To show the improvement from applying hybrid tracking, we performed experiments to measure and compare target registration error (TRE) between the EM tracking-based approach and the hybrid approach. A target point, the intersection of two cross wires immersed in a water tank, was imaged using the LUS transducer. The target point along with the imaging tip of the LUS transducer was viewed with the laparoscope, whose lens was immersed in water as well. The LUS image was overlaid on the camera image through the EM tracking-based approach (Sect. 2.1) as well as the hybrid approach. The target point in the overlaid LUS image can then be identified and compared with the actual target point shown in the camera image. Their Euclidean distance in the image plane is the TRE.

We performed experiments with four different poses of the laparoscope and the LUS transducer. The average TRE of the EM tracking-based approach was measured to be 102.0 ± 60.5 pixel (8.2 ± 4.9 mm), and that of the hybrid approach was 46.7 ± 10.1 pixel (3.8 ± 0.8 mm) with an image resolution of the camera of 1920 × 1280. The hybrid approach improved overlay accuracy of the original EM tracking-based approach. The CV-based refinement process took on average 52 s, the major bottleneck being the C++ API interface required to read in a new candidate correction matrix. The total number of iteration steps in optimization was fewer than 110 steps for examples tried. Figure 6 shows an example of the refinement results.

Fig. 6.
figure 6

Example of vision-based refinement showing the initial AR visualization using the EM tracking approach (left), and corrected AR visualization using the hybrid tracking approach (right). The arrow indicates the target point shown in the overlaid LUS image.

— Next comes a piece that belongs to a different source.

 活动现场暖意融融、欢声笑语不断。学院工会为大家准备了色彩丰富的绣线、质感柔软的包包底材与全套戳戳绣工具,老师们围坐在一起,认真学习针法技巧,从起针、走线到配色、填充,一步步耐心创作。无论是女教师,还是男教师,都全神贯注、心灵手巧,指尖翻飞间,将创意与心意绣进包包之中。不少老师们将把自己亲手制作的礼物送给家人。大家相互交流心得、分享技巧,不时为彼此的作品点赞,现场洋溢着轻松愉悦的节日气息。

We also tested our approach with a more realistic camera and ultrasound images by testing images from phantom. While we did not have a quantitative evaluation of such images, we confirmed that the image processing and subsequent optimization qualitatively worked as well as in the wire phantom. Figure 7 shows examples of this evaluation.

Fig. 7.
figure 7

Two examples of vision-based refinement on an abdominal phantom. The initial AR visualization (left) and corrected AR visualization using the hybrid tracking approach (right).

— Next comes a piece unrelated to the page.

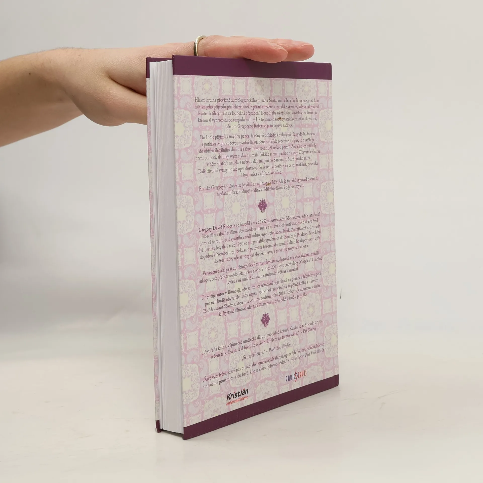 Hlavní hrdina převážně autobiografického románu Šantaram přilétá do Bombaje, aniž kdo tuší, že jeho příjezdu předcházel útěk z přísně střežené australské věznice, kde si odpykával devatenáctiletý trest za loupežná přepadení. Loupil, aby ukojil svou závislost na heroinu, kterou si vypracoval po rozpadu rodiny. V Bombaji získává přátele, kteří mu pomohou zorientovat se v tamějším životě, ale další životní zvraty ho opět dostávají do vězení a posléze na cestu mafiána, pašeráka i bojovníka v afghánské válce. Román Šantaram je silný a napínavý příběh. Ale je to také výpověď o citech, hledání dobra, hodnotě rodiny a lidského života i jeho smyslu. Kniha je také označována jako „novodobý Motýlek“ a po vydání okamžitě získala mezinárodní věhlas a uznání. Filmová práva vlastní Johny Depp, v roce 2016 je očekávána premiéra filmu. Gregory David Roberts, který v románu popsal své vlastní zážitky, dnes žije v Bombaji, kde založil charitativní organizaci zajišťující lékařskou péči pro nejchudší obyvatele. Tady napsal i volné pokračování své úspěšné knihy s názvem The Mountain Shadow, která má vyjít letos na podzim. Kniha, jež právě vychází v češtině, je kvůli čtenářskému komfortu rozdělená do tří samostatných oddílů, ale speciální obal z ní činí jeden celek se společným hřbetem.

4 Discussion and Conclusion

In this work, we developed a computer vision-based refinement method to correct registration error in hardware-based AR visualization. Initial hardware-based registration is essential to our approach because it provides an ROI for robust feature line detection, as well as a relatively close initialization for simplex-based optimization. We have developed a vision-based solution to refine image-to-video registration obtained using hardware-based tracking. A 3D LUS transducer model was first projected on the camera image based on calibration results and tracking data. The model was then registered with the actual LUS transducer using image processing and simplex optimization. Finally, the resulting correction matrix was applied to the ultrasound image. The method is promising as evidenced by our preliminary results included in this work. After further refinement, the proposed hybrid framework could greatly improve the accuracy and robustness of a laparoscopic AR system for clinical use.

Although the current computational time is relatively lengthy even for periodic correction, we can more tightly integrate the algorithm with our C++ and GPU-accelerated AR system in the future. If implemented on GPU, the Hough Transform can be achieved in 3 ms [16], and the entire refinement process could take less than 1 s. Currently, Stage 1 of the optimization algorithm only used five of the six parameters associated with a rigid transformation. The rotation about the LUS probe axis is not refined. In the future, we will include the refinement of this parameter in our algorithm. In addition, determining how often the vision-based refinement should be repeated during AR visualization will also be one of our areas of investigation.